The resulting municipal easement above this inlet carved away at the buildable area of the site and inflicted a major hindrance on development of a backyard addition. In a moment of creativity, Deaver began “horse-trading” with the City of Austin. Austin’s notorious protection of trees, up against the fact of a prominent live oak tree smack in the middle of the existing easement, gave him his argument: trade the air rights in the current easement for rights to a future easement when the storm pipe needs replacing. This makes the project possible while guaranteeing a long life for the cherished tree.

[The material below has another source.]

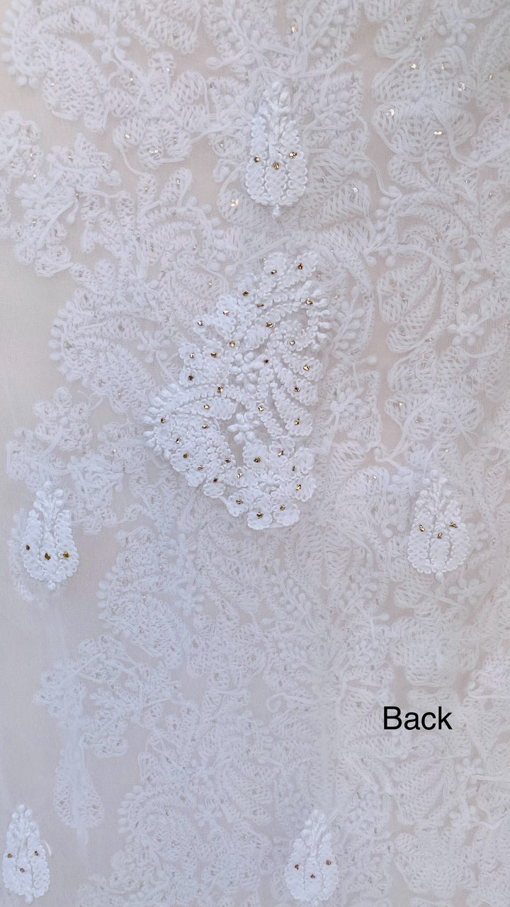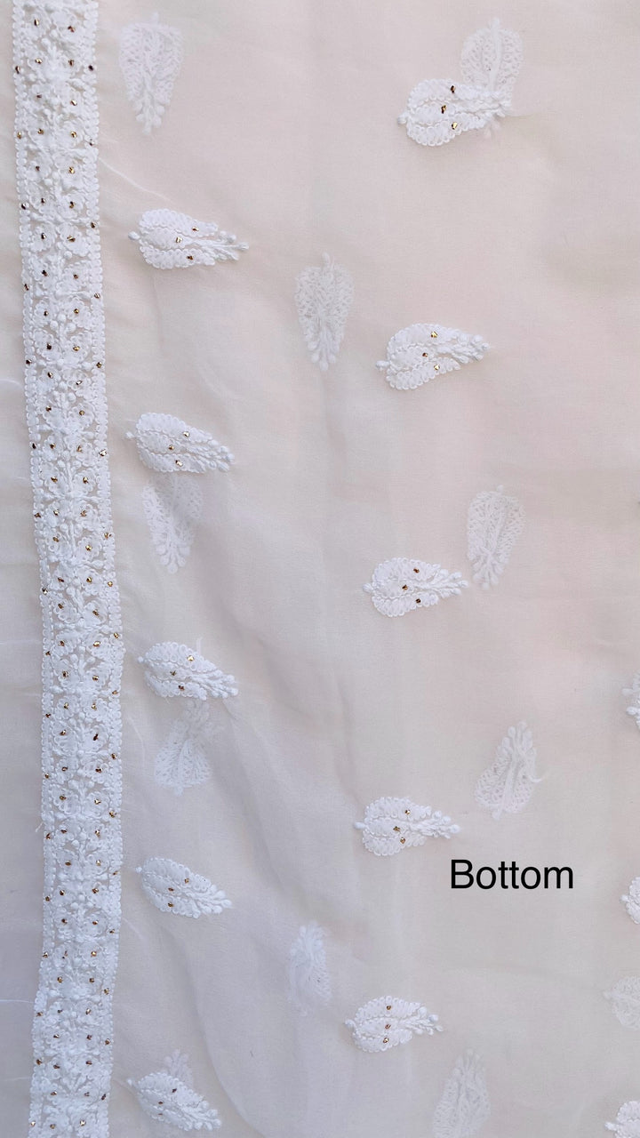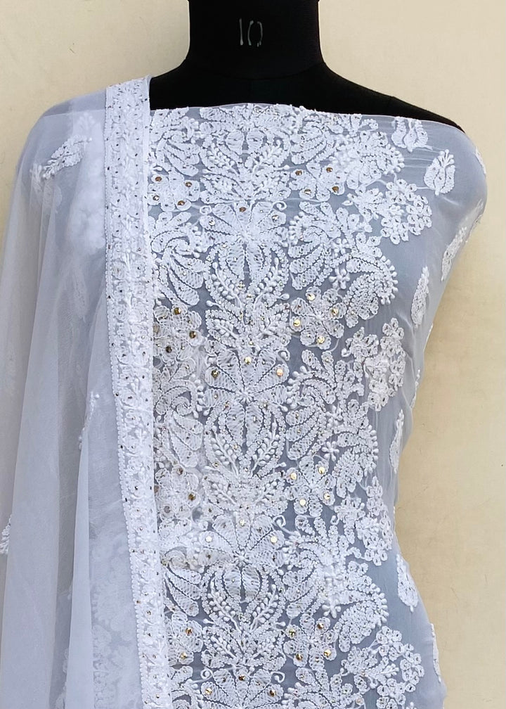 Lucknowi Chikankari Suit Length 3 Piece White Georgette With Mukaish Work With Embroidered Georgette Dupatta & Embroidered Same Colour Georgette Bottom

Intertwined with the exterior, the interior awakens the senses; one can’t be in the house without knowing what kind of day it is. The living spaces at the existing house are contained and elicit purposeful repose. They allow for moments of settlement before moving into the kitchen, where modern touches start weaving into the existing house. Finding places to display objects around and within the utility of rooms, Deaver emphasizes the importance of this effort to the project: “Where art belongs, life belongs.” The clients’ various paintings and collections are highlighted against the restrained white walls.

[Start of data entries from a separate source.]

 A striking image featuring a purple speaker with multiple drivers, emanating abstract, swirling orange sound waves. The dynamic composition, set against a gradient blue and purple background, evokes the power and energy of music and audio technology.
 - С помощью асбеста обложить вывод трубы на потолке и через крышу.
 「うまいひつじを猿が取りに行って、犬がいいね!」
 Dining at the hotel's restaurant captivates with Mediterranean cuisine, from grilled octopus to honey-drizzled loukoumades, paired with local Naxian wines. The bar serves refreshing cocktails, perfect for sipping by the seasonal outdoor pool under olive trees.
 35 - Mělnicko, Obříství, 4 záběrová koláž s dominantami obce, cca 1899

The dining room is the soul of the house, neatly tucked against the existing house and sheathed in frameless glazing. The surrounding landscape directly engages the edges of the room like a full-bleed image. It is a counterweight to the other living spaces that are about looking within and being embraced. Large double sliders connect to the outdoor living at the backyard as the master addition stretches off to the side.

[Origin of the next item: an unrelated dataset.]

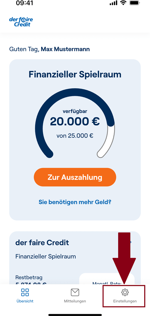 Die faire Credit App können Sie sich einfach über Ihren App Store herunterladen. Die Zugangsdaten für die Anmeldung erhalten Sie direkt nach Abschluss Ihres fairen Credit per SMS, E-Mail oder Post.

Stepping down into the recumbent addition of the master suite is a reminder that this is backstage of the house. The large master closet is clad in old-growth pine shiplap reclaimed from the demolition work in the original house. It serves as a buffer between the bedroom and the living spaces and forces one to move around it in an intentional manner — an appropriate device that speaks to the private character of the master suite. Borrowing a term from F1 racing, Deaver describes this element as a “chicane” — an artificial obstacle that is strategically placed to slow traffic down. The master bath is placed at one end of the master suite. The generosity of daylight and soft materials betray its compact size and efficiency.

The form that would give shape to the addition stands on its own as a modern expression. Deaver, however, was not simply seeking a generic modern addition. He was not looking for a piece that could be simply attached to any house; rather, he was looking for a companion shape. “Like dance partners, there is a trusting of the two together,” he states. “They are a couple.” On that delicate footing, the addition not only belongs distinctly to that house and that site, but also fosters a relationship of equity between the old and new. It is sensitive without being compromising; it is individualistic without being domineering.

Stephanie and George knew Deaver was not a “grand schemer,” but rather an architect who relies on small, powerful moves. Explaining the ultimate balancing act of it all, Deaver says: “The clients want a house, but what I want is architecture. They want familiarity and comfort, but for me — I want exploration, a sense of newness.” Deaver artfully finds that center of mass through careful deliberation and evenhandedness, and with a deep respect for all that is there.

Chris Cobb, AIA, is an architect in Austin.